== Data to process

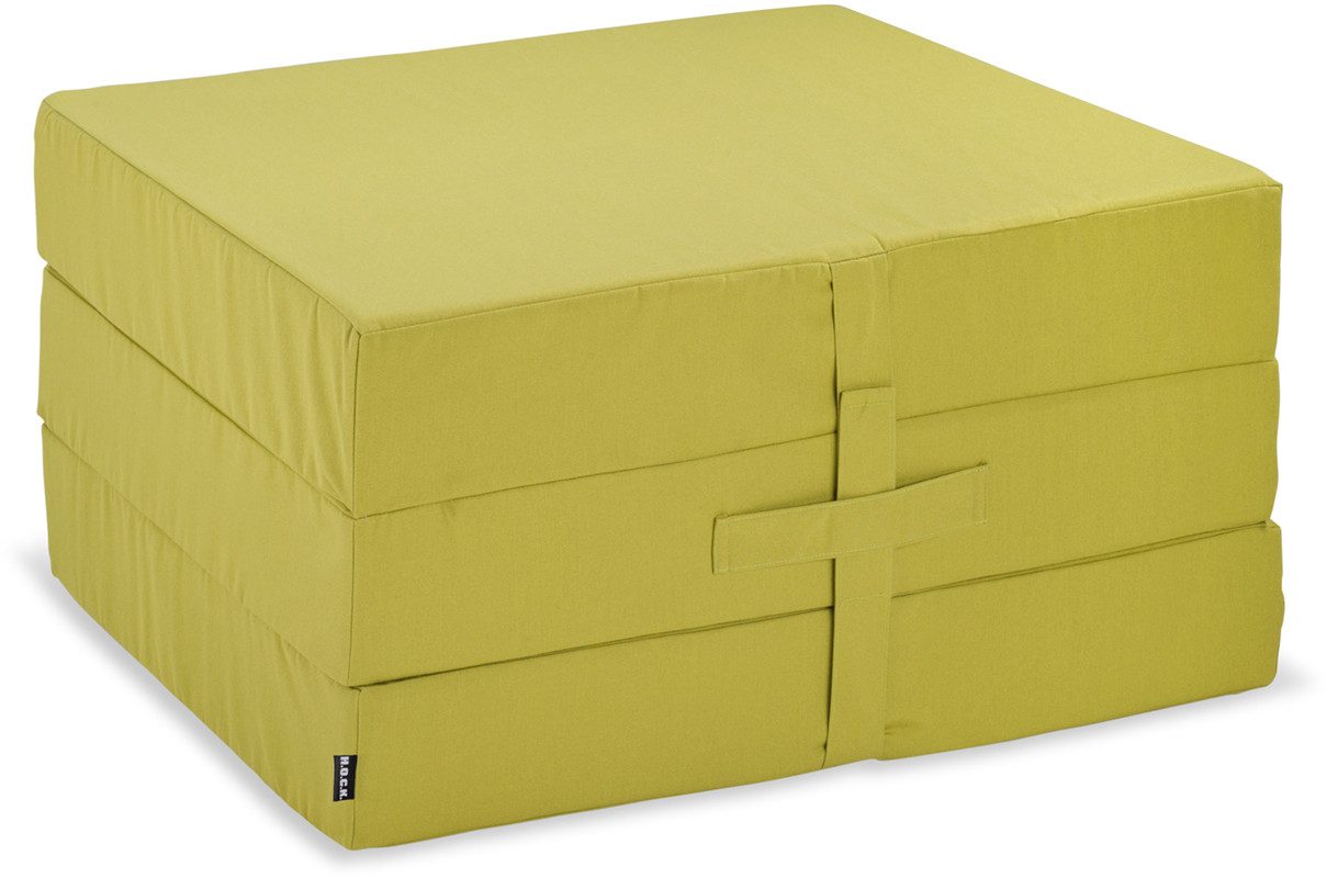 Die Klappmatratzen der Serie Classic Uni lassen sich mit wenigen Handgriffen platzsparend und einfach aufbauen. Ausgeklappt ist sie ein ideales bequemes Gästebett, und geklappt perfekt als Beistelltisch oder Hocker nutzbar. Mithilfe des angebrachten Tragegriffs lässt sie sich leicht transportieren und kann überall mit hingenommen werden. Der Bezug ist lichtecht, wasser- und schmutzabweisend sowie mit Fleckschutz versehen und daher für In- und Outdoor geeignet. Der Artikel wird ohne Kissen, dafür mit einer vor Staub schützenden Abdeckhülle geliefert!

====
== Data to process

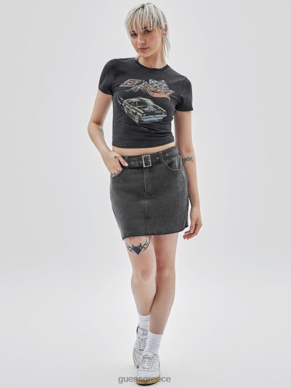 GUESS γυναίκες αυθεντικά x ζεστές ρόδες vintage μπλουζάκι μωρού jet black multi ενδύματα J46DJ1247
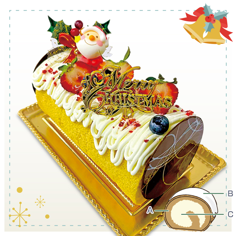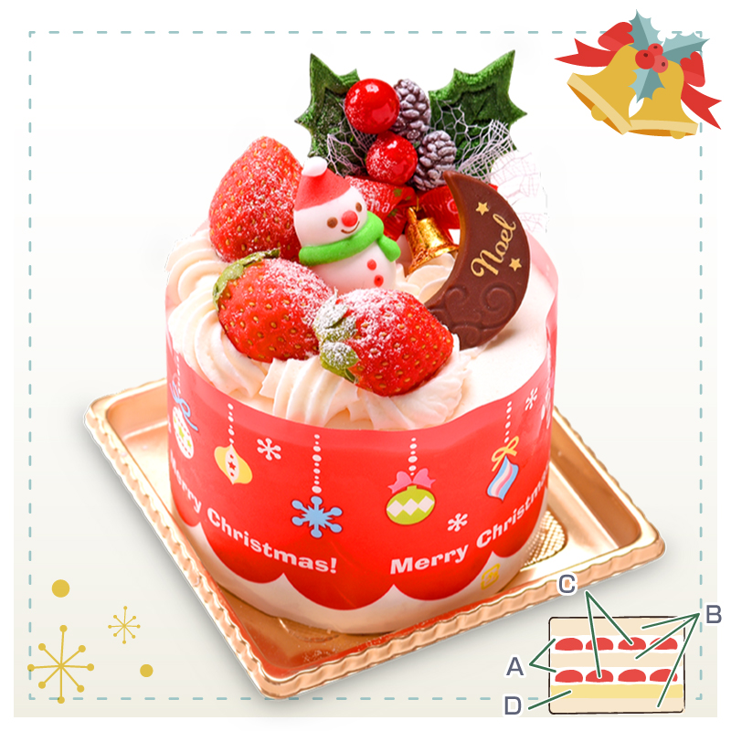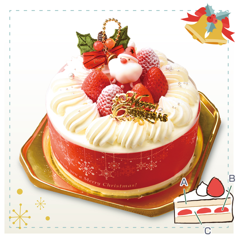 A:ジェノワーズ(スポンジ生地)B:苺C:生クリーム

====

# Required work:
Take the material above from the line containing "GUESS γυναίκες αυθεντικά" up to and including the line containing "A:ジェノワーズ(スポンジ生地)B:苺C:生クリーム" and retype it exactly, without any pictures.

# Result of this exercise:
 GUESS γυναίκες αυθεντικά x ζεστές ρόδες vintage μπλουζάκι μωρού jet black multi ενδύματα J46DJ1247
 A:ジェノワーズ(スポンジ生地)B:苺C:生クリーム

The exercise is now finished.